Sanders Gutman & Brodie, P.C., Hartsdale (Jordan Brodie of counsel), for appellants.
Parker Ibrahim & Berg LLP, New York (Brian A. Turetsky of counsel), for respondent.
Webber, J.P., Singh, Kennedy, Shulman, JJ.
Order, Supreme Court, New York County (Arlene P. Bluth, J.), entered December 20, 2019, which, inter alia, granted plaintiff's motion for summary judgment and denied defendants' cross motion to dismiss the complaint, unanimously affirmed, without costs.
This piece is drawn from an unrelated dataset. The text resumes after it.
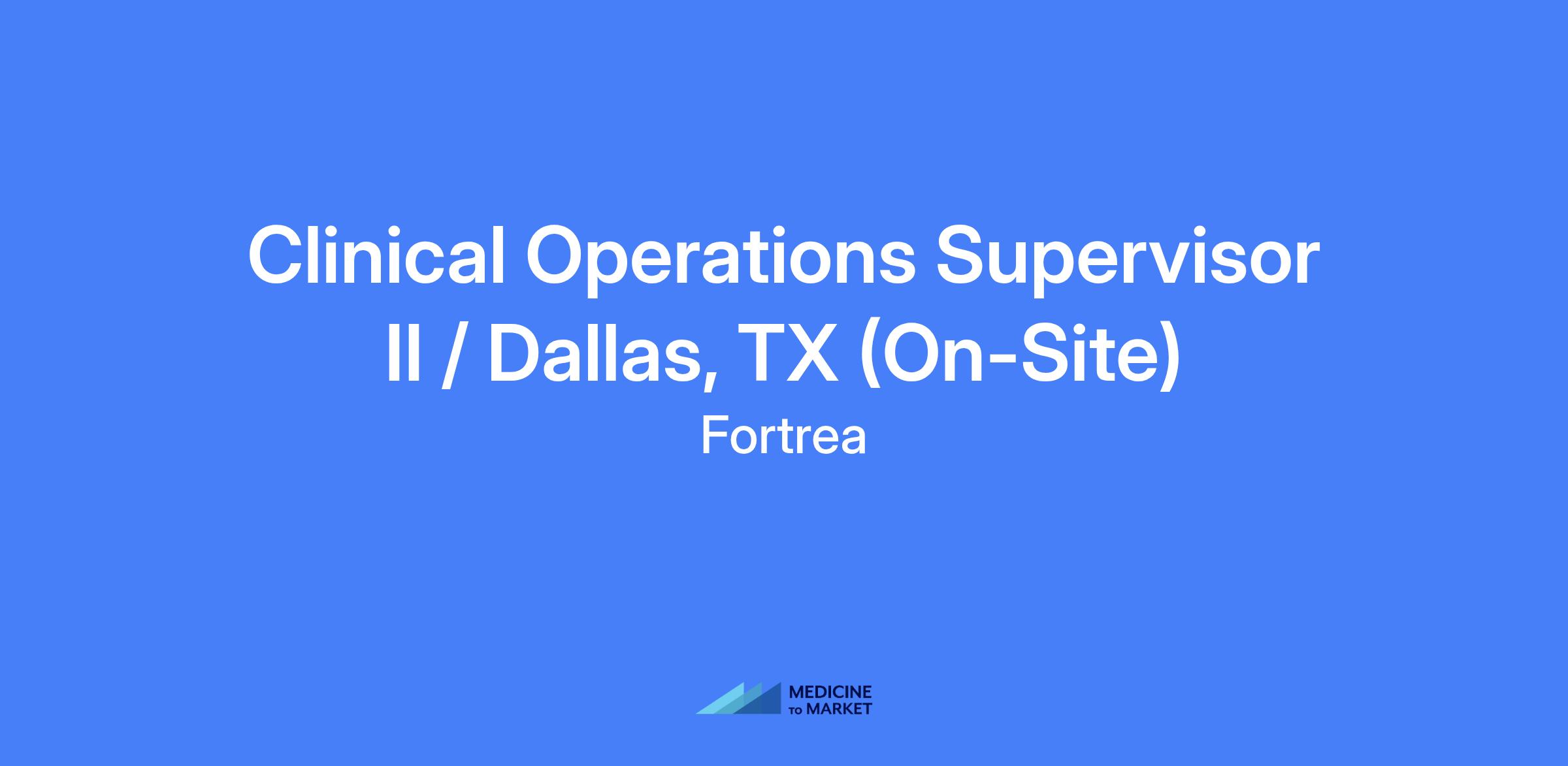 Clinical Operations Supervisor II in Dallas, TX (On-Site). Leads and mentors study staff in a fast-paced, office/clinic-based clinical research environment, coordinating protocols and ensuring high-quality execution in line with ICH/GCP standards. Directly interacts with healthy volunteers and supports the multidisciplinary team in Phase 1 trials.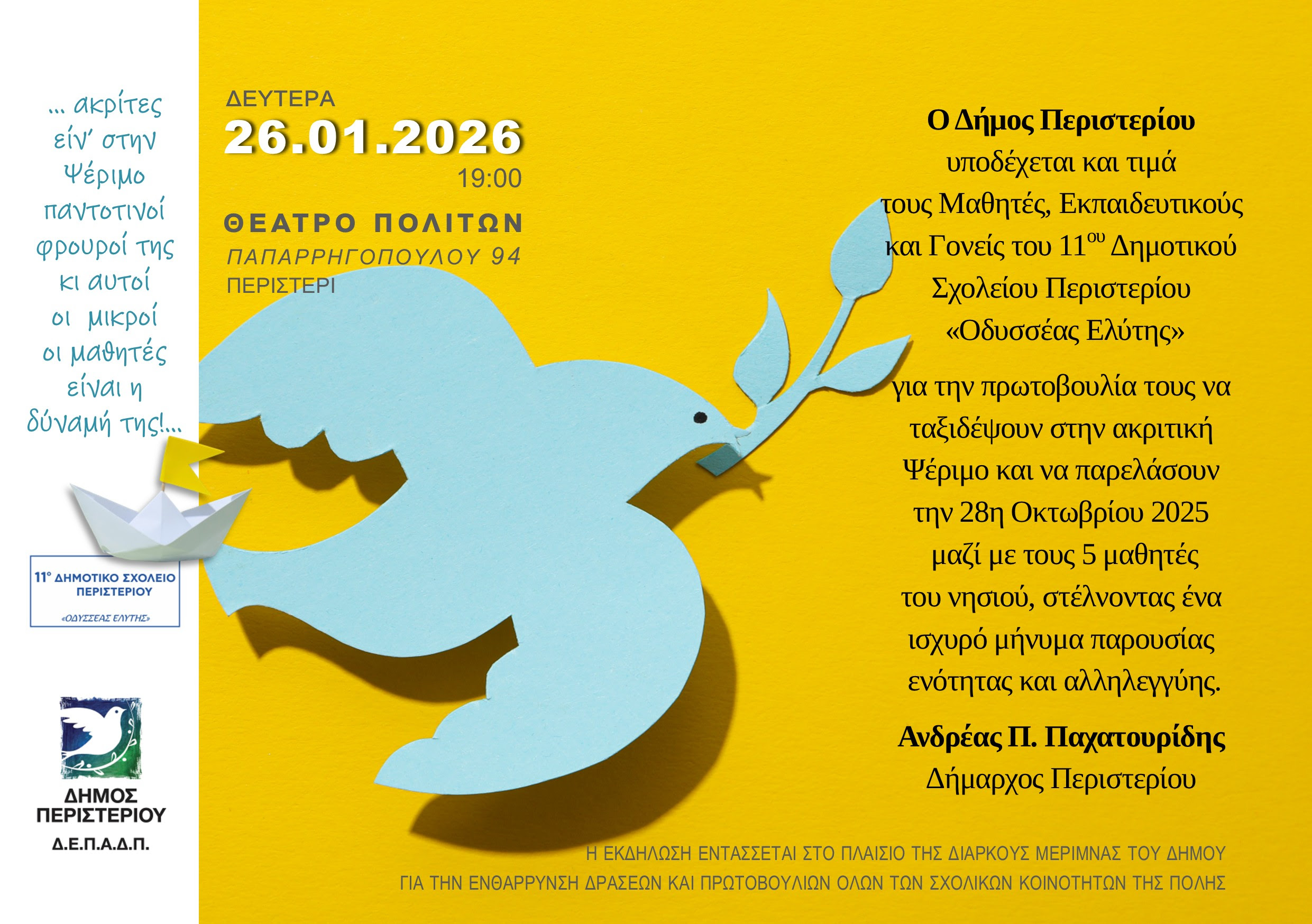 Ο Δήμαρχος Περιστερίου, Ανδρέας Π. Παχατουρίδης, τιμά τη σχολική κοινότητα για την πρωτοβουλία της να ταξιδέψει στην ακριτική Ψέριμο και να συμμετάσχει στην παρέλαση της 28ης Οκτωβρίου 2025, μαζί με τους πέντε μαθητές του νησιού, στέλνοντας ένα ισχυρό μήνυμα παρουσίας, ενότητας και αλληλεγγύης.

Plaintiff established prima facie that it was entitled to foreclose on the mortgage. It attached the indorsed note, mortgage, assignment of mortgage and proof of the default through the affidavit of a mortgage loan servicer employee with personal knowledge (see Bank of N.Y. Mellon v. Knowles, 151 A.D.3d 596, 57 N.Y.S.3d 473 [1st Dept. 2017] ; see also Aurora Loan Servs., LLC v. Taylor, 25 N.Y.3d 355, 361, 12 N.Y.S.3d 612, 34 N.E.3d 363 [2015] ).
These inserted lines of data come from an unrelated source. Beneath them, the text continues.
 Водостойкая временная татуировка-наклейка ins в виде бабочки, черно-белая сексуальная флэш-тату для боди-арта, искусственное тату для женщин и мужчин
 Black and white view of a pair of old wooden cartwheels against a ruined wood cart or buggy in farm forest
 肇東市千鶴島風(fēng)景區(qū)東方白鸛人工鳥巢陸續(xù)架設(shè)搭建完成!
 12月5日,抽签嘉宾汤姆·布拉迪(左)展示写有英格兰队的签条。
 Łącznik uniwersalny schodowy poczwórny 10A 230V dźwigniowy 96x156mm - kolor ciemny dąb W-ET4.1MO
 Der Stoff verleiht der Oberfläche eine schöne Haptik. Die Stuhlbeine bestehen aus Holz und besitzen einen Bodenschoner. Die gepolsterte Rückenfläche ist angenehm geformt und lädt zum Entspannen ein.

Plaintiff demonstrated its compliance with the notice requirements of RPAPL 1304 by submitting copies of the notices with an affidavit by the loan servicer's employee stating, based on her review of the loan servicer's records, the notice of default and 90–day foreclosure notice were mailed to defendant in accordance with the provisions of the mortgage and RPAPL (see Deutsche Bank Natl. Trust Co. v. Al Rasheed, 169 A.D.3d 532, 92 N.Y.S.3d 637 [1st Dept. 2019] ).
In "an action of an equitable nature, the recovery of interest is within the court's discretion. The exercise of that discretion will be governed by particular facts in each case," including wrongful conduct by either party ( South Shore Fed. Sav. & Loan Assn. v. Shore Club Holding Corp., 54 A.D.2d 978, 978, 389 N.Y.S.2d 29 [2d Dept. 1976] [internal quotation marks and ellipsis omitted] ). Here, the motion court providently exercised its discretion in declining to limit interest, as there is no indication that plaintiff engaged in any wrongful conduct that would warrant such action (see U.S. Bank Nat. Assn. v. Zembova, 137 A.D.3d 1010, 1011, 27 N.Y.S.3d 611 [2d Dept. 2016] ).
We have considered defendants' remaining arguments and find them unavailing.